I am new to R, and so would greatly appreciate more explanation for any code you might have to help solve my issue.
I have a data.frame with groups of columns related to each other and I want to perform a calculation on each of those many groups to get new output columns. For example, many biological replicates in an experiment where I want to perform the calculations on each replicate independently before collapsing them.
I know I could use mutate in dplyr to create new columns, but I am not sure how to do this in a loop or how to use lapply type strategy to avoid re-tying the columns names each time. My biggest issue is understanding how to convert the column names into something usable by one of these strategies.
For example:
> A.1 <- c(11,12,13,4,15,6,17,18)
> A.2 <- c(2,4,5,5,19,7,5,1)
>
> B.1 <- c (3,4,5,1,31,76,13,70)
> B.2 <- c (10,9,8,15,31,12,13,12)
>
> C.1 <- c(1,2,3,4,5,6,7,8)
> C.2 <- c(2,4,5,8,10,12,15,18)
>
> df <- data.frame(A.1, A.2, B.1, B.2, C.1, C.2)
>
> df
A.1 A.2 B.1 B.2 C.1 C.2
1 11 2 3 10 1 2
2 12 4 4 9 2 4
3 13 5 5 8 3 5
4 4 5 1 15 4 8
5 15 19 31 31 5 10
6 6 7 76 12 6 12
7 17 5 13 13 7 15
8 18 1 70 12 8 18
>
Where I want to create new columns where A.new = A.1/A.2, B.new = B.1/B.2 etc. without typing out each column name explicitly. Also note the "A" and "B" are really character strings, so typing all of them would be very messy and time consuming.

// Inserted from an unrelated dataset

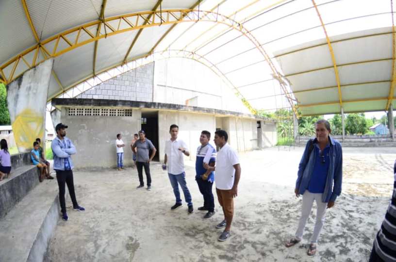 FOLHA DE MAUÉS (AM) – Neste sábado 2, o prefeito de Maués (267 km da grande Manaus), Júnior Leite esteve visitando a zona rural do Município e foi verificar in loco as obras de construção da Quadra Poliesportiva Coberta na comunidade ribeirinha do Bom Jesus do Canela no Rio Apocuitaua, bem como a reforma da igreja da localidade, na qual está ajudando.
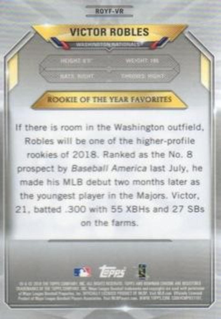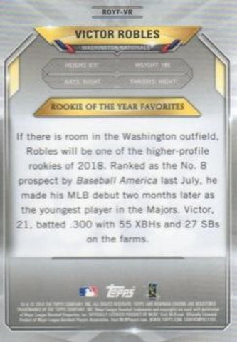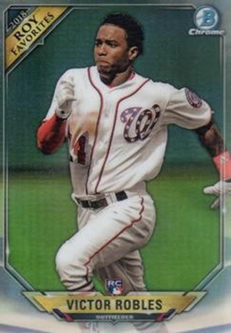 This is a nice example of a 2018 Bowman #ROYF-VR Victor Robles Chrome Rookie of the Year Favorites.

Something like this, but a general case for many column groups:
> df <- df %>% mutate(A.new = A.1/A.2)
> df <- df %>% mutate(B.new = B.1/B.2)
> df <- df %>% mutate(C.new = C.1/C.2)
>
> df
A.1 A.2 B.1 B.2 C.1 C.2 A.new B.new C.new
1 11 2 3 10 1 2 5.5000000 0.30000000 0.5000000
2 12 4 4 9 2 4 3.0000000 0.44444444 0.5000000
3 13 5 5 8 3 5 2.6000000 0.62500000 0.6000000
4 4 5 1 15 4 8 0.8000000 0.06666667 0.5000000
5 15 19 31 31 5 10 0.7894737 1.00000000 0.5000000
6 6 7 76 12 6 12 0.8571429 6.33333333 0.5000000
7 17 5 13 13 7 15 3.4000000 1.00000000 0.4666667
8 18 1 70 12 8 18 18.0000000 5.83333333 0.4444444
>
I don't see the answer to my question on here already, but if you could point me to existing answers that would be much appreciated! I am currently thinking about the column names as containing the variable, but maybe that is not the correct way to approach this (R is also the first programming language I am learning) and so my searches for answers haven't yielded much yet.
Thank you for your guidance in advance!